Going forward I see 3 paths:
1) You can roll your own using tools such as Jenkins, Maven, Chef, Puppet and many many others. (what nati and keene call devops)
2) You can buy off the shelf products that complete the process end to end such as WSO2 Private PaaS
3) You can use some combination
I am going to talk about generally the steps and problems and tradeoffs associated with this in real enterprises and questions you should ask in deciding what you need out of a DevOps PasS platform.
If you are under pressure to deliver software in any enterprise today that will be delivered to the web or via mobile applications you must consider devOps tooling and automation. There is hardly a choice because the advantages of being able to forego the error prone, lengthy, expensive processes that were done for decades are simply too great. In the past, as much as 2/3rds of a project could be eaten up in this process of what we call DevOps. The effort involved in acquiring the hardware, planning the infrastructure changes, the networking changes, the fault tolerance processes, the administration, support, upgrading and all the other aspects of delivering software were expensive and lengthy and required lots of SMEs who understood the networking, the security, the hardware, load balancing and scaling issues. Sometimes special adapters and adjustments had to be made to key hardware and software components to facilitate the new application. The process was manual and error prone and had to be checked and double checked. If an error was made it could increase costs dramatically or bring your whole network down. DevOps automation and PaaS has transformed the way applications are delivered and reduced many of the bottlenecks associated with this part of application development and deployment.

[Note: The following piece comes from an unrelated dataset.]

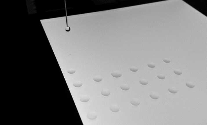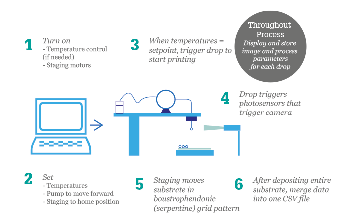 The formulated printing material starts in a reservoir and is pumped out of a Teflon or stainless steel nozzle positioned over the substrate. The size of the drop formed can be broadly selected with the nozzle size, and fine-tuned with settings on the positive displacement pump. The drop is deposited onto the substrate mounted on the XY staging, which moves the substrate under the nozzle, so the drops can be deposited in a grid pattern, as seen in Figure 2.
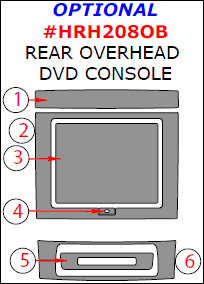 Hummer H2 2008-2009, Optional Rear Overhead DVD Console Interior Kit, 6 Pcs.

If you are a business person then if all this is avoidable why would you ever consider using a manual old fashioned DevOps process and roll your own deployment for applications? Well, for many companies retooling existing applications to be DevOps compatible is too expensive. That’s the only reason I can see or if your application has such specific characteristics of hardware required or deployment that it has to be done manually then I guess you are stuck with that. However, almost everyone should be considering using DevOps PaaS as a default.

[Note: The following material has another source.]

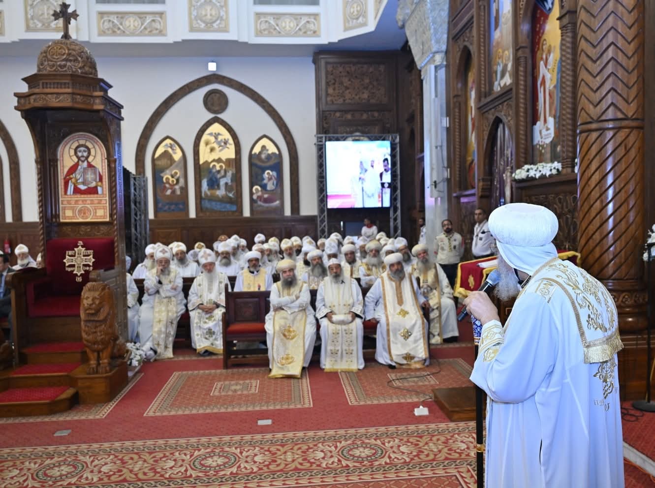 وقال قداسته موجهًا حديثه إلى الآباء المتقدمين لنوال "القمصية": "الكنيسة في هذا الصباح وفي حضور الآباء الأحبار الأجلاء والآباء الكهنة والشمامسة وكل الشعب تقدم لك رتبة القمصية في مشوار حياتك وهو نوع من التقدير والكرامة لخدمتك وعملك وتعبك. وبحسب إنجيل هذا اليوم الذي يتكلم عن الثمر سيكون السؤال الذي يقدمه لك المسيح في هذه المناسبة: أين هي ثمارك؟!"

IaaS Independence Layer a must have
IaaS is the first step in DevOps PaaS deployment and here you need to consider are you going to run your application in the cloud on a commercial vendor or on your own infrastructure? I really don’t want to address that here. There are enough other resources on this. What you need to be aware of is that there are technologies that allow you to be flexible in terms of selecting IaaS solutions and give you independence from the IaaS layer. (JCLOUDS being the one I prefer at this time) This should be essential to any enterprise strategy as the choices and decisions about the deployment infrastructure can change over time. So, the first thing is to consider an IaaS independence layer should be in your selection giving you a wide choice of IaaS vendor technologies. There are several. Then you need to actually select a “host it yourself” solution or choose a specialty private vendor or a public general purpose vendor. The factors in these decisions are outside the scope of this blog. Included in this layer you need to also consider which virtualization technology you will use. Also outside the scope of this blog.

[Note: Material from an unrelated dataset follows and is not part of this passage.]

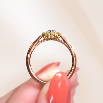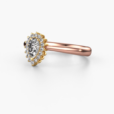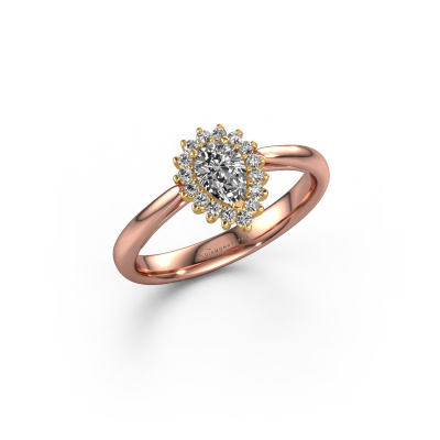 The ring shown above is called the Tilly per 1. We call this type of ring a cluster ring, the centre gemstone is surrounded by smaller sized stones. This 14 Carat rose gold version is set with a 0.45 crt pear diamond centre stone, embraced by smaller diamonds. The exclusive rose gold cluster engagement ring stands out because of its shape. Together, the smaller and bigger sized diamond gemstones form a flower and they appear to collide into one big sparkling gem. This exclusive engagement ring is also known as the flower ring. Our expert Goldsmiths make sure the smaller diamonds stones are set identically so there is no light interference in the diamond but unity instead. With perfect precision and a skilful hand each diamond is set in the ring. During manufacturing, it is constantly monitored to make sure light reflects flawlessly. This results in a unique engagement ring, with a radiant diamond at its centre. A lovely, meaningful gift to bestow upon the love of your life. After receiving your order, our goldsmiths will start the creative process of making your Tilly per 1 engagement ring. We don't keep stock. This is advantageous because these costs will not be passed on to you. Therefore, we can offer jewellery at exceptionally low prices.Our team adds new designs to our online collection daily. Our designers and goldsmiths work together in creating the best design. We strive to offer a diverse collection of jewels. Perhaps you have a specific jewel design in mind. One you came across somewhere. Please contact us for a free consultation. We will make you an offer, based on a fair price/ quality ratio, that will baffle you.To make it easier for you, we offer a 30 day return policy. Check our terms and conditions.

HYBRID Capability probably a requirement
Next you must choose if you are going to deploy in a hybrid manner. This could mean deploying in your on site hosting environment and an external vendor. The advantages of this are that regulatory and compliance requirements may require you to consider multiple vendors and locations, the cost of hardware can vary considerably and the speed to acquire new hardware varies. Your internal infrastructure may be hard to scale quickly.
So, having a hybrid approach so that you can burst when demand goes up to an outside vendor automatically means you need a solution that can handle hybrid deployment and all the management issues that arise from that. If you have a hybrid environment it complicates delivery of the application, synchronization of upgrades, networking configuration, latencies of the application but the benefits are potentially huge if you expect high variability in demand where you have specific situations which arise only periodically that require you to scale some part or all of your application. For instance, should you build capacity for peak demand for the few hours a day yourself in your own facilities or use an external source for resources during those peak hours? If you expect at certain times of the year demand will have spikes why pay for hardware for all the year for a christmas rush? If you need hybrid capability there are very few PaaS / DevOps environments that support this well. Otherwise you will be faced with many manual steps that defeat the whole point of DevOps and PaaS. For many reasons a hybrid deployment capability is a big plus.
Polyglot is a must
Next you have to consider the type of application you are building and development environment. Many DevOps infrastructures don’t support more than one development infrastructure type. For instance Microsoft software is quite different from Java development and many DevOps PaaS will support it or not. You should consider what are called polyglot DevOps or PaaS solutions so you don’t have to be tied to any particular framework for development as well as giving you flexibility in the future. While the DevOps infrastructure doesn’t have to have every conceivable framework you use or may use it should be extensible to support new frameworks. So, look for polyglot PaaS or DevOps.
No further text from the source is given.